§ **RECORDED DATA**:
______
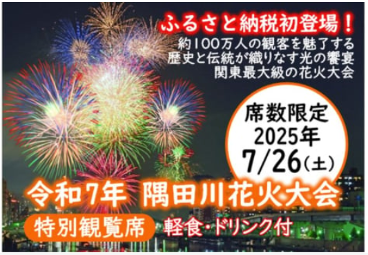国内最大級のふるさと納税総合サイト「ふるさとチョイス」を企画・運営する株式会社トラストバンク(本社:東京都品川区、代表取締役:川村憲一、以下「トラストバンク」)は本日5月8日、今月11日より、東京都墨田区へのふるさと納税のお礼の品として、今夏開催予定の第48回隅田川花火大会の特別観覧席を提供することをお知らせします。このお礼の品は、ふるさとチョイスのみでの提供です。
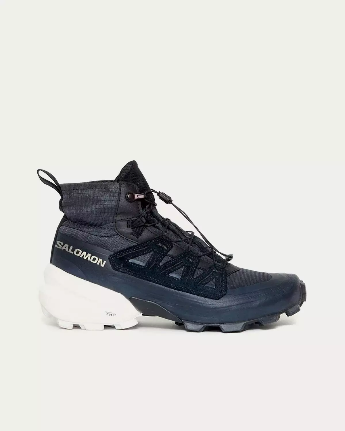 MM6 Maison Margiela x Salomon Cross High sneakers fuse a performance sensibility with a directional aesthetic. With a redesigned lug and block heel, the defining design motif is its high-top silhouette, which echoes the Maison’s signature ‘6’ heel boot for a versatile, street-ready feel. Maximal stability can be expected with Salomon’s Sensifit quicklace technology and the snug suede and ripstop upper.
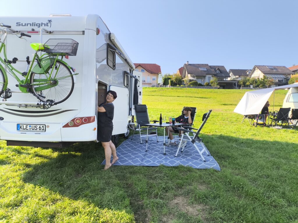 Der Platz ist das totale Gegenteil von dem in Salzburg: so wollten wir das auch haben! Sehr idyllisch gelegen, total ruhig und grün. Angeblich nur 15 Fahrradminuten vom Zentrum. Wir lassen uns überraschen…
______
§ **WHAT TO PRODUCE**: An exact copy of the data is required, with the pictures excluded.

§ **ANSWER FOR THE TASK**:
国内最大級のふるさと納税総合サイト「ふるさとチョイス」を企画・運営する株式会社トラストバンク(本社:東京都品川区、代表取締役:川村憲一、以下「トラストバンク」)は本日5月8日、今月11日より、東京都墨田区へのふるさと納税のお礼の品として、今夏開催予定の第48回隅田川花火大会の特別観覧席を提供することをお知らせします。このお礼の品は、ふるさとチョイスのみでの提供です。
 MM6 Maison Margiela x Salomon Cross High sneakers fuse a performance sensibility with a directional aesthetic. With a redesigned lug and block heel, the defining design motif is its high-top silhouette, which echoes the Maison’s signature ‘6’ heel boot for a versatile, street-ready feel. Maximal stability can be expected with Salomon’s Sensifit quicklace technology and the snug suede and ripstop upper.
 Der Platz ist das totale Gegenteil von dem in Salzburg: so wollten wir das auch haben! Sehr idyllisch gelegen, total ruhig und grün. Angeblich nur 15 Fahrradminuten vom Zentrum. Wir lassen uns überraschen…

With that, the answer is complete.